On one occasion, for instance, I was privileged to be addressed by a gentleman who hailed from Dennistoun, in a bar in Kearney, New Jersey. With the aid of much Jack Daniels and a little of American history, he related the famous Cox-Tully kicking incident of 1949 to the Rights of Man and quoted Thomas Paine to me, 'Tyranny, like hell, is not easily conquered'. I chose not to belittle that analogy as I feared I would have Marx thrown back at me. But for a junkie like me this was the stuff that dreams are made of. Recollections of past games, woven into the threads of other issues, providing a tapestry that no other sporting event could match. Wha daur meddle wi' that?

And then came that final where I did think that society would tolerate no more of this. In the immediate aftermath it seemed the government would be minded to end it all, until reality seeped in and the logistics of permanently separating the two seemed mere fantasy. But the thought did not desert me that possibly the circumstances might arise which would make such an outcome entirely feasible. These, apparently, have now arrived.

To the addict, that is alarming. Let us assume that tomorrow's game will be the last approaching some kind of parity in the respective strengths of the clubs, and depending on how the latest Paul Murray/Brian Kennedy bid pans out. Rangers will, thereafter, either be absent from the Scottish Premier League or so emasculated as to be merely the Glenbuck Cherrypickers of that same division, if allowed to remain. To all intents and purposes the Old Firm tradition would have ended.

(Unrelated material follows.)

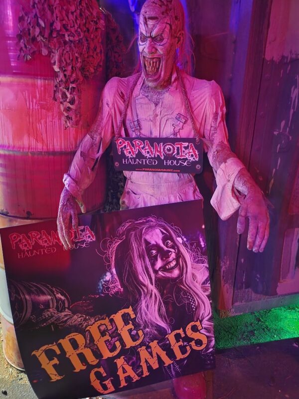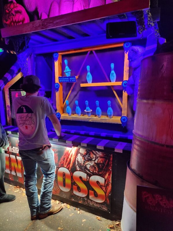 Immersion outside of the formal haunted house is a challenge for many haunt businesses. This is where Paranoia really excels! Each time you exit the haunts and gift shop, you walk onto a very, very active and colorful midway. Everywhere you look, there are photo ops, games, and multiple wandering characters who actively circulate throughout the crowd. The music, lights, and activity make this midway a place you want to spend time in.
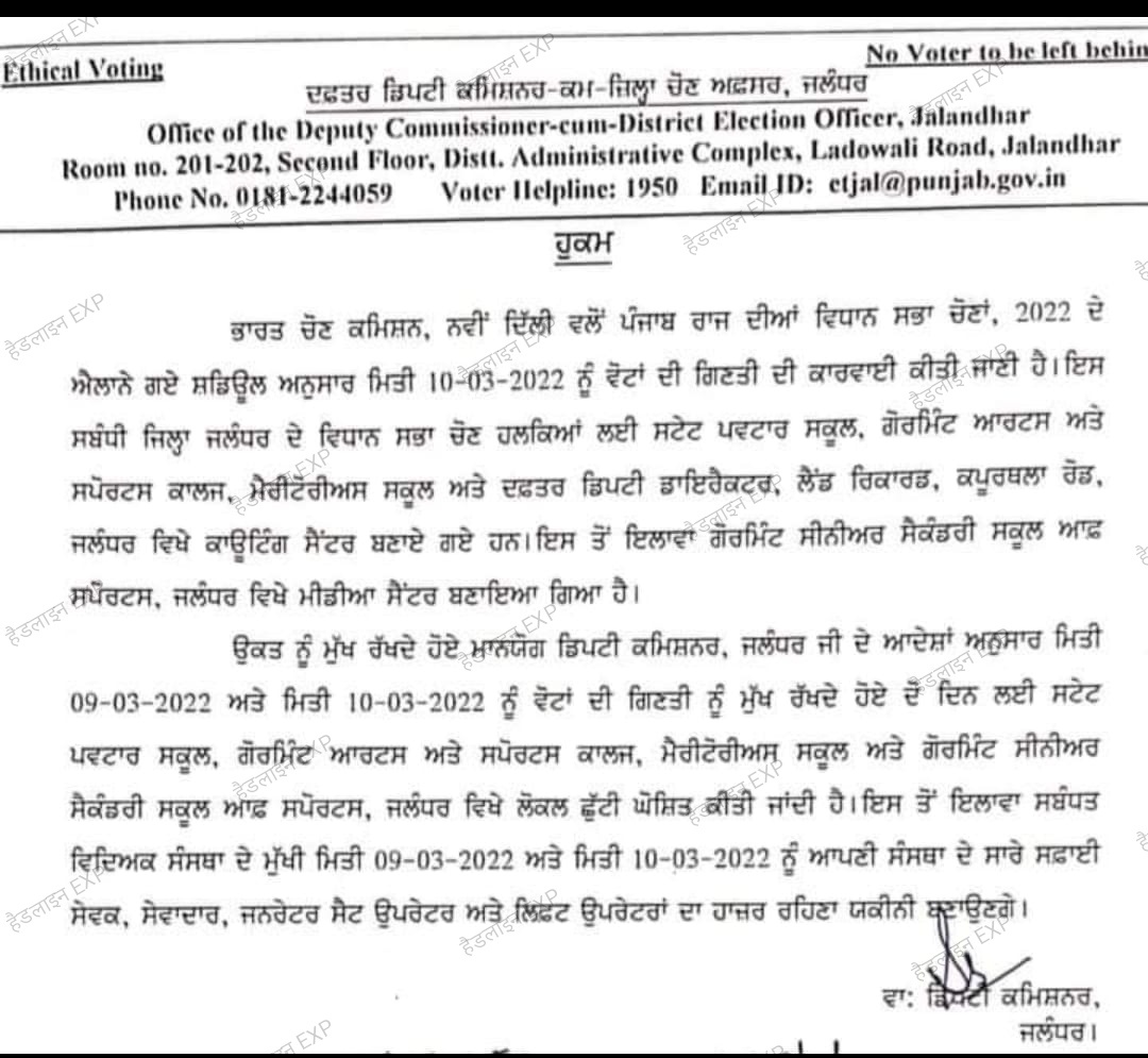 Home›पंजाब›दोआबा›जालंधर›*👉🏻 मतों की गिनती को लेकर 2 दिन ये स्कूल,कॉलेज व अन्य संस्थान रहेंगे बंद* *👉🏻 देखें आदेशों की प्रति सिर्फ हैडलाइन एक्सप्रेस पर 👇🏻*

There would be one winner permanently, either in the fixture itself or of the league in general. Those in the Celtic family would feel they had attained a state of Nirvana, minus the anxiety and pain of the possibility of defeat. But isn't it that possibility which brought the best out of Celtic in the past? Wasn't it the raison d'etre of Jock Stein who, amid all the considerations, including Europe, said that beating Rangers was his primary objective in life. Ask Billy McNeill. That was the dynamic that created the nine-in-a-row phase in an age when Rangers had admirable teams. Minus their great rivals, Celtic, of course, could easily exist within a comfort zone that would only be threatened by complacency. But would it equip them to make the quantum leap from what would inevitably be a more parochial and less competitive league for them to a European level which is where they really want to distinguish themselves?

Consider the dazzling European semi-finals of this week and you end up with a sore head contemplating the difference in quality. Look at the past recent record of both clubs, and on the one hand reaching the qualification stage for Europe would potentially be easier for Celtic, but, actually qualifying, credibly more difficult. In a diminished league that first hurdle could increasingly assume the proportions of Becher's Brook.

Not that that in itself would initially matter to the clubs outside Glasgow who, according to the language on the websites, seem to be in a 'Sink The Bismark' mood, with the obvious target Ibrox. Their idea is fairness for all. You can't argue against that. But what about quality? That is the only factor which will cause Scottish football to endure in a highly competitive and now indispensable television market.

Despite the egregious nature of either club's domination of the league, which has admittedly sucked the interest out of many provincial supporters, you don't revive it by simply shoving one club to the fringes of the game. If they have been guilty of transgressions that is where they deserve to end up. But it would be foolish to anticipate a renaissance in the nature of Scottish football simply by enacting that.

So fairness overall and sporting integrity, all wrapped up with pink-bows, will never allay the need for the 'fix', even though its origins seem mundane. For it all started on May 28, 1888, when 2000 turned up to see the first Old Firm game. According to reports, the players retired to a local hall, where they shared tea and engaged in some harmonious singing.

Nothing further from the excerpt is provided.